The parent class should be typed with a class scheme of the form

        parent : Forall 'a < t. classtype ... t ...

so that the code is also correct when t is replaced by a subtype of t.

For simplicity, and because it is not essential, we don't have bounded
quantification in Ocaml but only ML-style polymorphism. 

> In fact, that happens in
> 
> class c  = object(self) method a = self end
> class c' = object(self) inherit c method a = self method b = 1 end
> 
> since c' is a proper subtype of c.  This is accepted by Ocaml.  

Yes it is accepted, but not for the reason you think.  Class c has type:

        class c : object ('a) method a : 'a end

This is a polymorphic in the row variable .. that appears in the implicit
type constraint 'a == < a : 'a; .. >

> However,
> 
> class d  = object method a = new c end
> class d' = object inherit d method a = new c' end
> 
> is rejected.  Why?  

Because the type of "new c'" is not an instance of the type of
"new c".  Indeed, "new c" has a closed type 'a == < a : 'a > without the
"..". This is a ground (recursive) type with no other instance but itself.

> I would expect that this is a
> limitation that is due to the type inferencer.

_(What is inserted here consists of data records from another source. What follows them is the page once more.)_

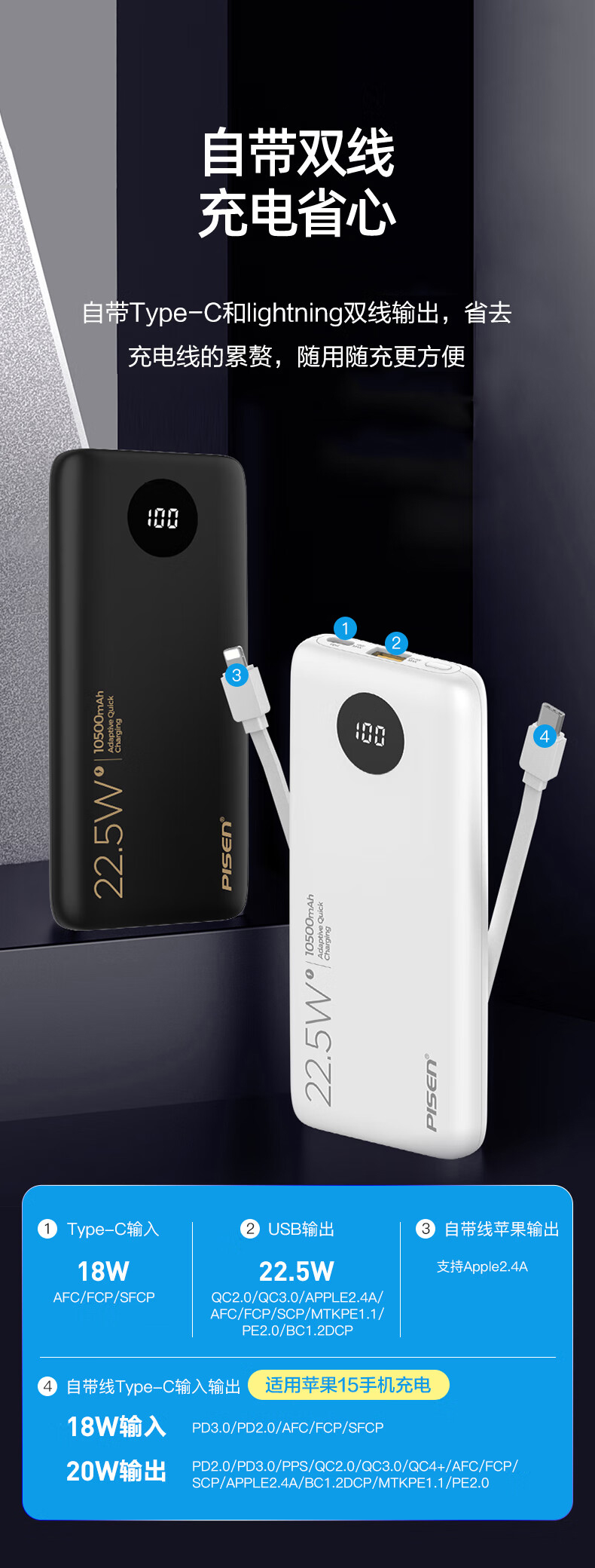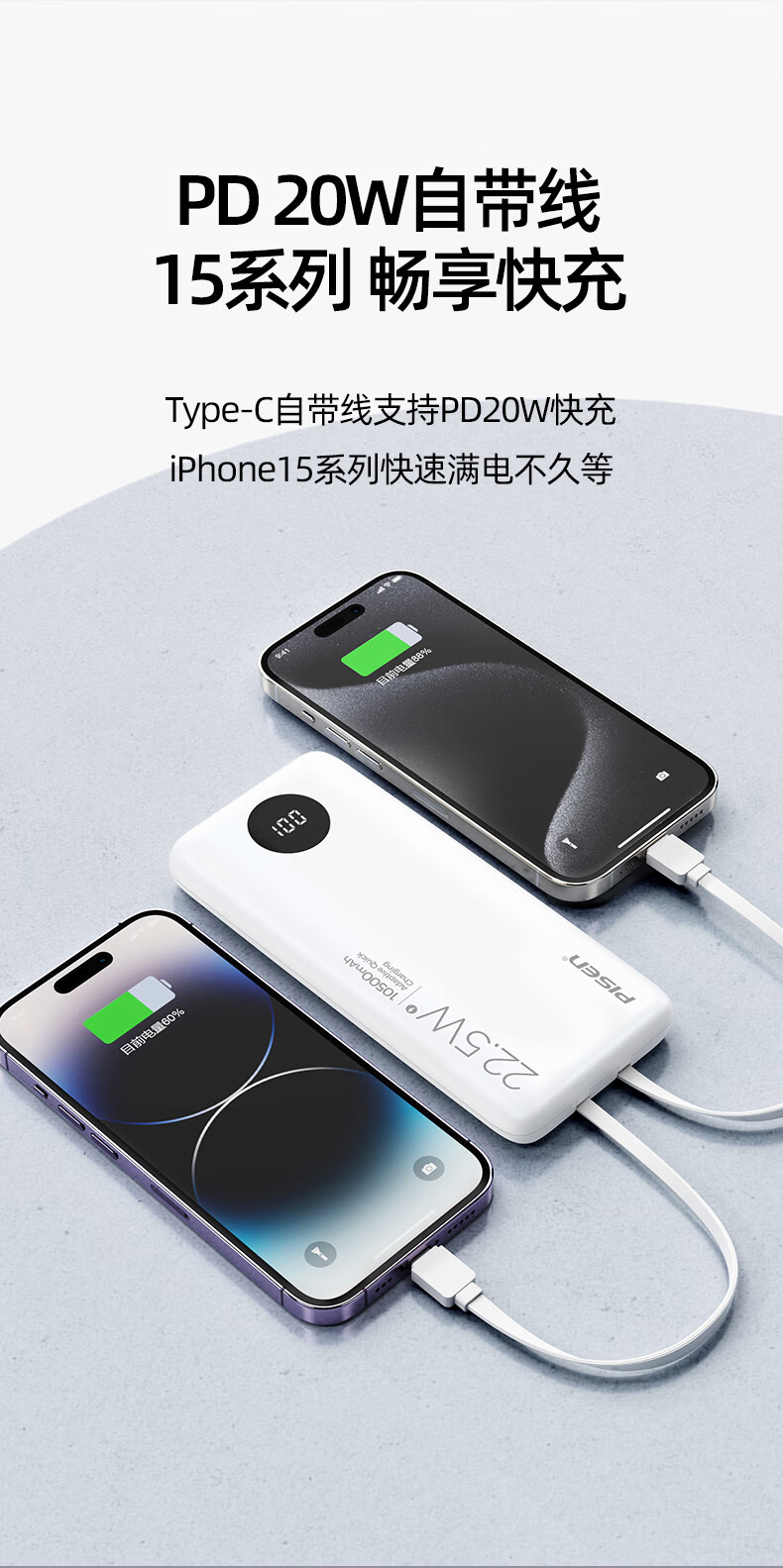 > 10500mAh充电宝 自带苹果/Type-C线
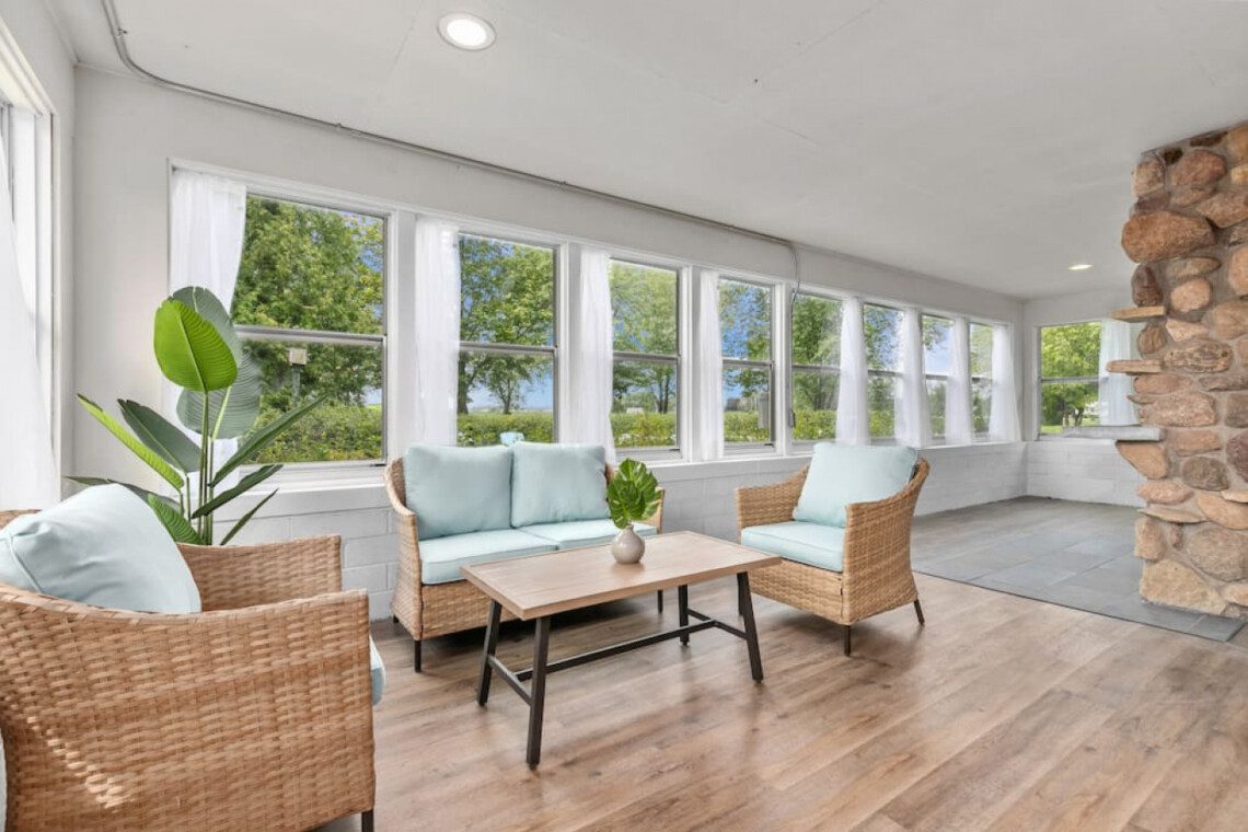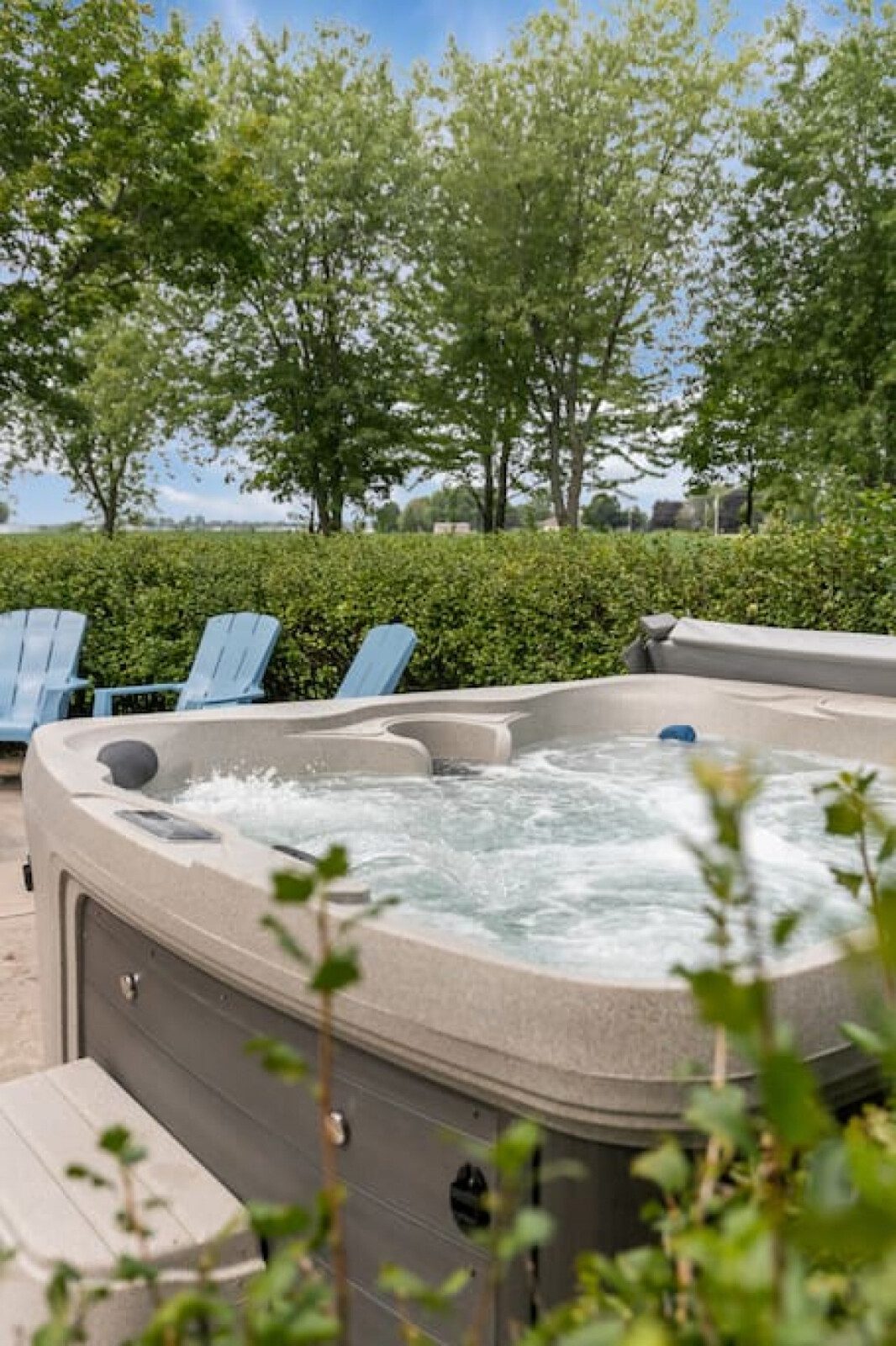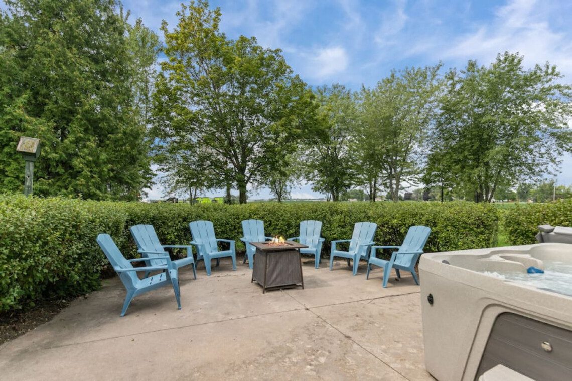 Adults can cozy up at the exterior propane firepit or relax in the hot tub on the spacious patio. Take your morning brew or evening cocktail overlooking the serene pond on the property.
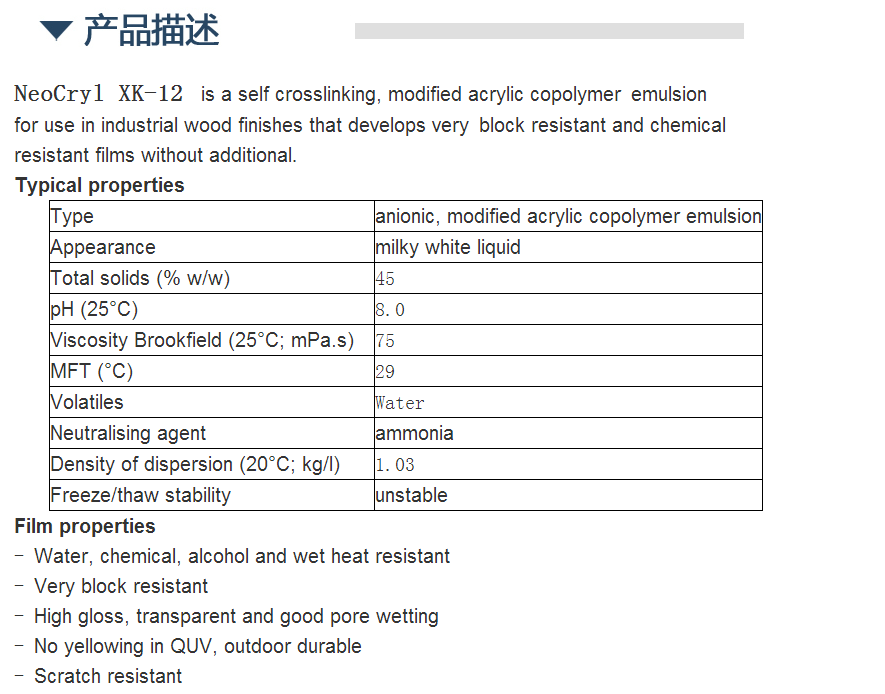 DSM帝斯曼水性丙烯酸NeoCryl XK-12
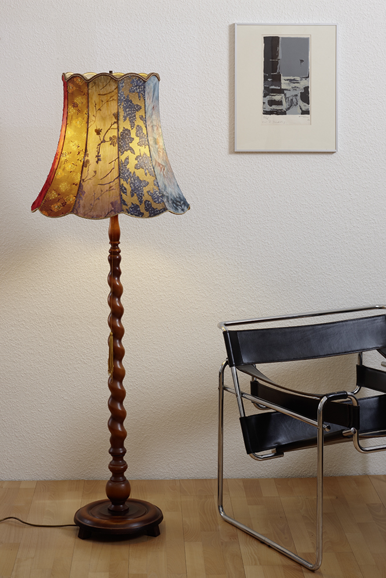 Material: Lampenschirm, Organzastoffe, Klebstoff, Holzständer

With explicit subtyping, you can type:

        class d'' = object inherit d method a = (new c' :> c) end

Class d' and d'' are operationally equivalent. However, d'' has type

        class d'' : object method a : c end

while you expected

        class d' : object method a : c' end

The later is be sound and should be typable with a form of bounded
quantification. This does not mean to be explicitly typed.  Extending Ocaml
with subtyping constraints is possible *in principle* and would preserve
type inference. Then, the above example could be accepted.  

    Didier.